Over the years, system calls (syscalls) have become an increasingly popular data source for host intrusion detection systems (HIDS). This is partly due to their strong security semantic implications. As syscalls conform to a program's control-flow graph, a deviation in a syscall sequence may imply a deviation in a program's control-flow graph. This is useful for detecting the control-flow hijacking class of attacks. Additionally, malware must utilize syscalls in order to provide any utility to the attacker, with the exception of some denial-of-service attacks. Because all syscalls are observable from the kernel, this makes evasion difficult for attackers under syscall HIDS. Given their suitability for HIDS, many approaches based on syscalls have been proposed. However, the syscall datasets available are not always the most suitable for these and emerging techniques in analytics, as they may need additional structural or contextual information about syscalls in their decision engine. Furthermore, this flatness of previous datasets often pigeonholes solutions into those which are limited by that data view. It is also burdensome on the researcher to generate his own custom dataset. In this work, we propose an extensible syscall dataset generator which includes structural and limited contextual information regarding syscalls, yet allows for researchers to easily add their own features to more quickly develop and evaluate their systems. Our dataset generator can aid researchers in widening the solution space for syscall HIDS.
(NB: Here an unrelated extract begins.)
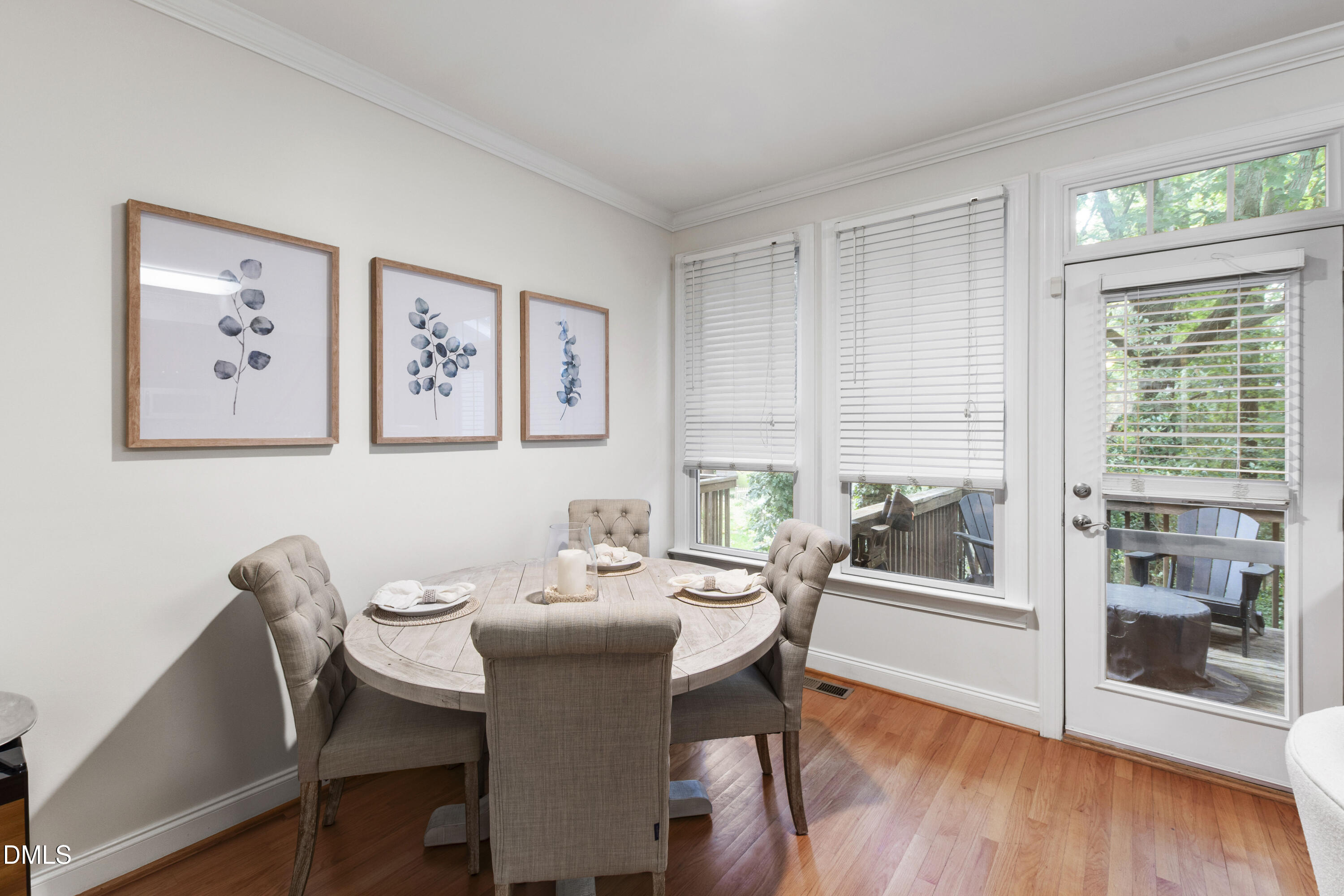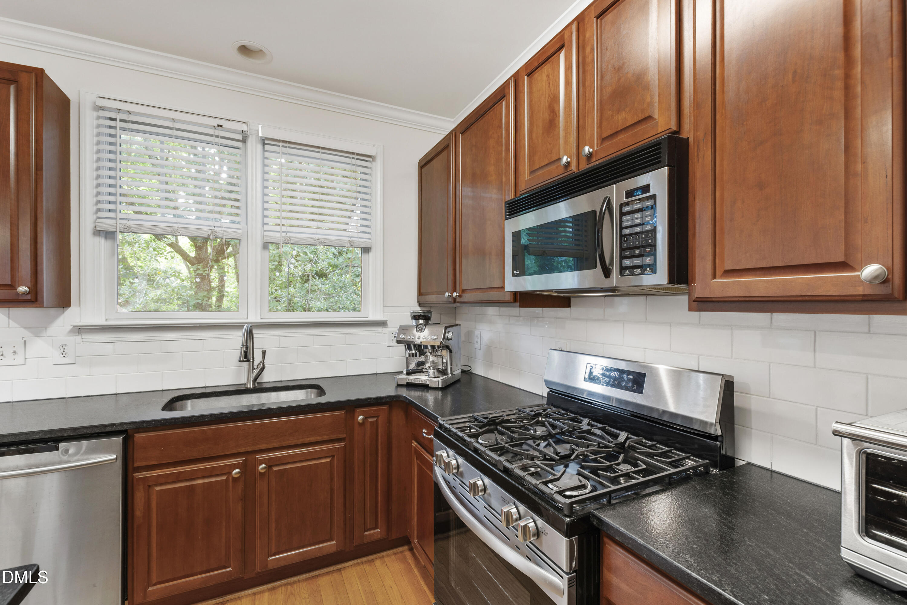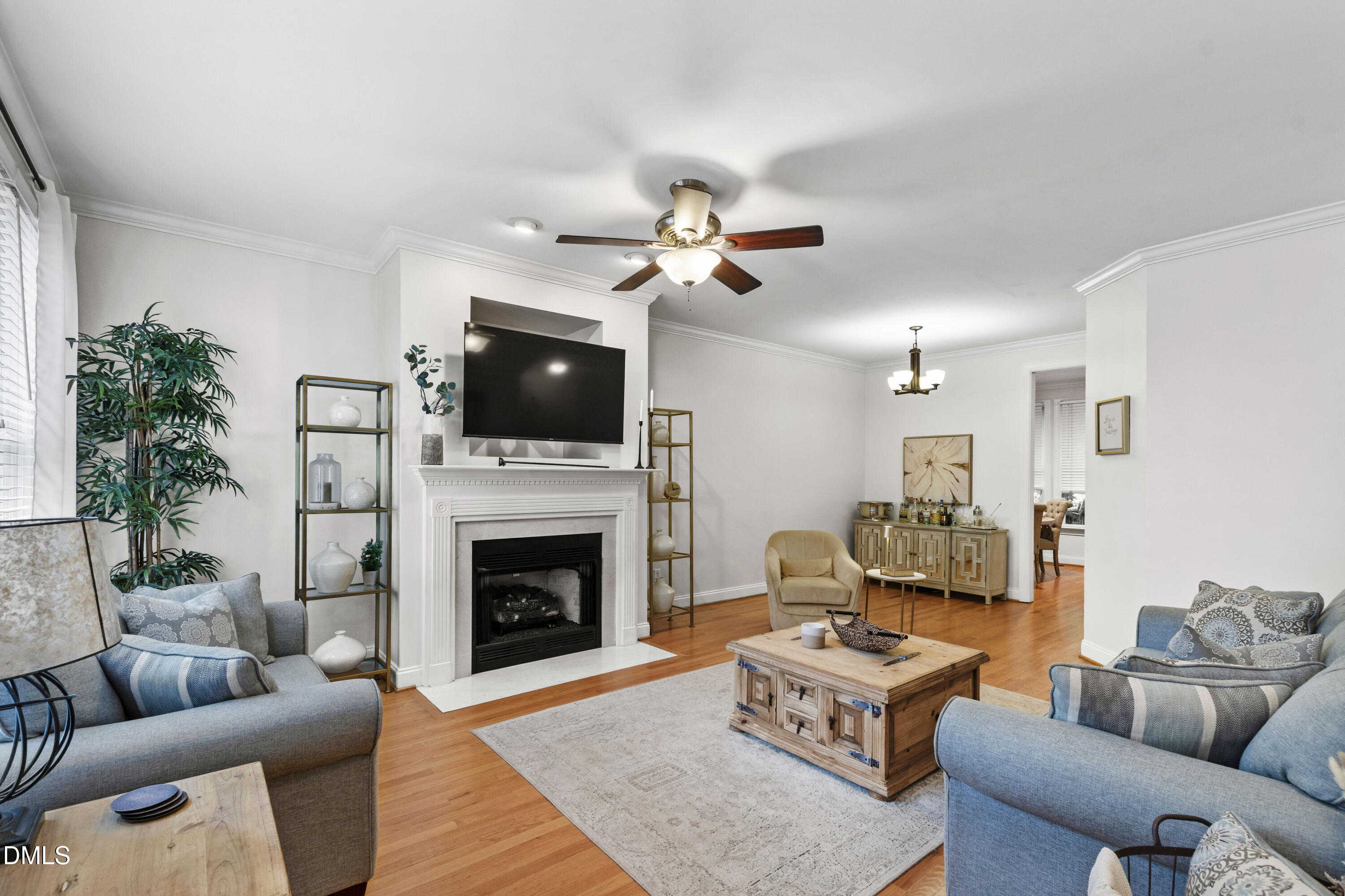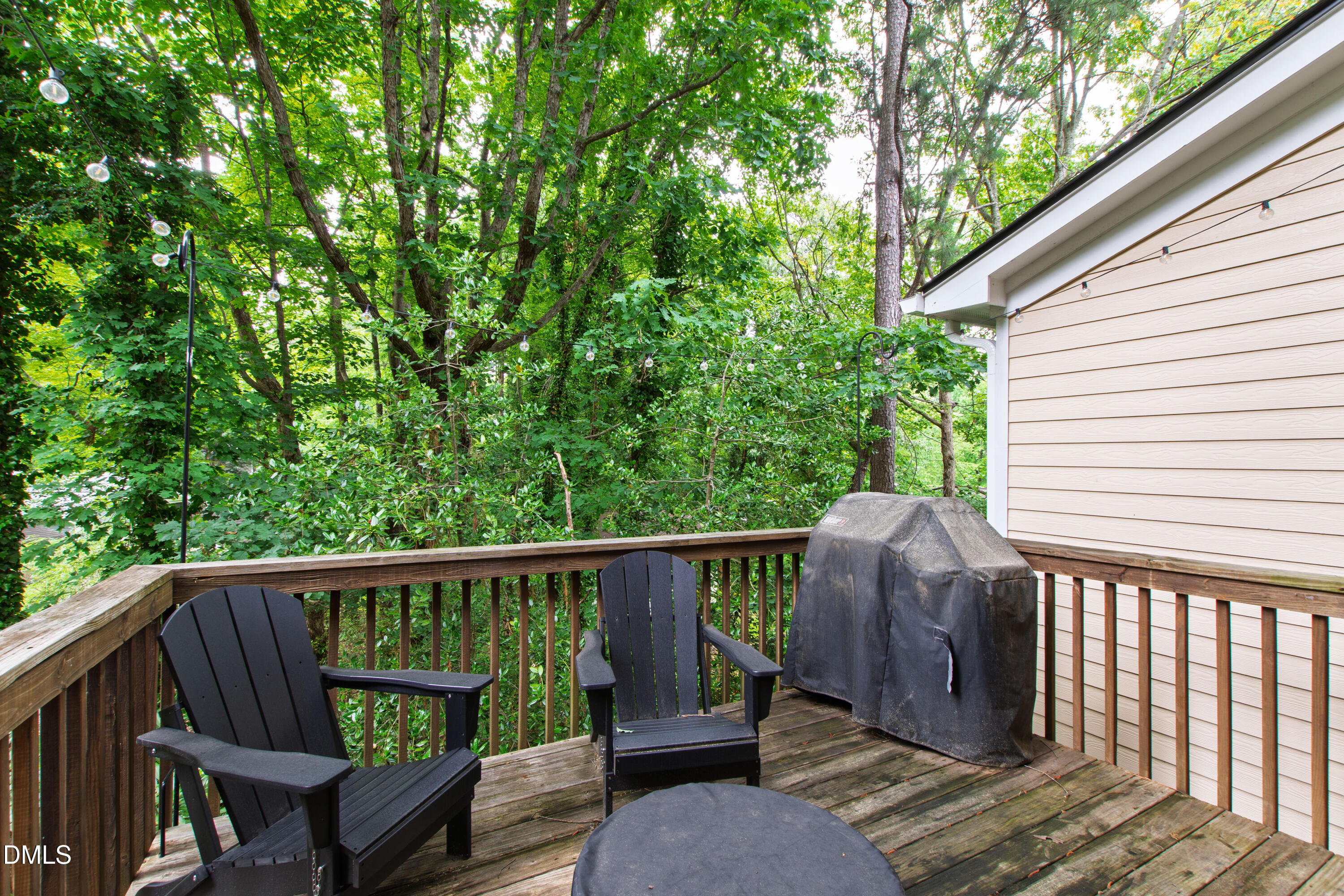 This immaculate townhome offers low-maintenance living just minutes from the shops, dining, and entertainment of North Hills and Midtown. Sunlight fills the main level, where hardwood floors run throughout the open-concept living and dining area, complete with a cozy gas fireplace.The updated eat-in kitchen features granite countertops, modern appliances, and opens to a private deck overlooking a wooded setting. Upstairs, you'll find two spacious ensuite bedrooms with walk-in closets, while the finished basement offers a versatile third bedroom, bonus room, or flex space with its own full bath and access to a covered patio. Contact agent, Abbey Williams, for a showing or questions 919.920.0847. Two marked parking spaces plus guest parking available. Pets negotiable. Kitchen table and chairs and couches in living room can stay if desired.

一个用于下一代系统调用主机入侵检测系统的数据集生成器
多年来,系统调用(sycall)已成为主机入侵检测系统(HIDS)日益流行的数据源。这部分是由于它们强大的安全语义含义。由于系统调用符合程序的控制流图,因此系统调用序列中的偏差可能意味着程序的控制流图中的偏差。这对于检测控制流劫持类攻击很有用。此外,恶意软件必须利用系统调用,以便为攻击者提供任何实用程序,某些拒绝服务攻击除外。因为所有的系统调用都可以从内核中观察到,这使得攻击者很难在系统调用HIDS下逃避攻击。考虑到它们对HIDS的适用性,已经提出了许多基于系统调用的方法。然而,可用的系统调用数据集并不总是最适合这些和新兴的分析技术,因为它们可能需要关于决策引擎中的系统调用的额外结构或上下文信息。此外,以前数据集的这种平整性经常将解决方案归类为受数据视图限制的解决方案。对于研究人员来说,生成自己的自定义数据集也很麻烦。在这项工作中,我们提出了一个可扩展的系统调用数据集生成器,其中包括关于系统调用的结构和有限的上下文信息,但允许研究人员轻松添加自己的功能,以更快地开发和评估他们的系统。我们的数据集生成器可以帮助研究人员扩大系统调用HIDS的解决方案空间。
本文章由计算机程序翻译,如有差异,请以英文原文为准。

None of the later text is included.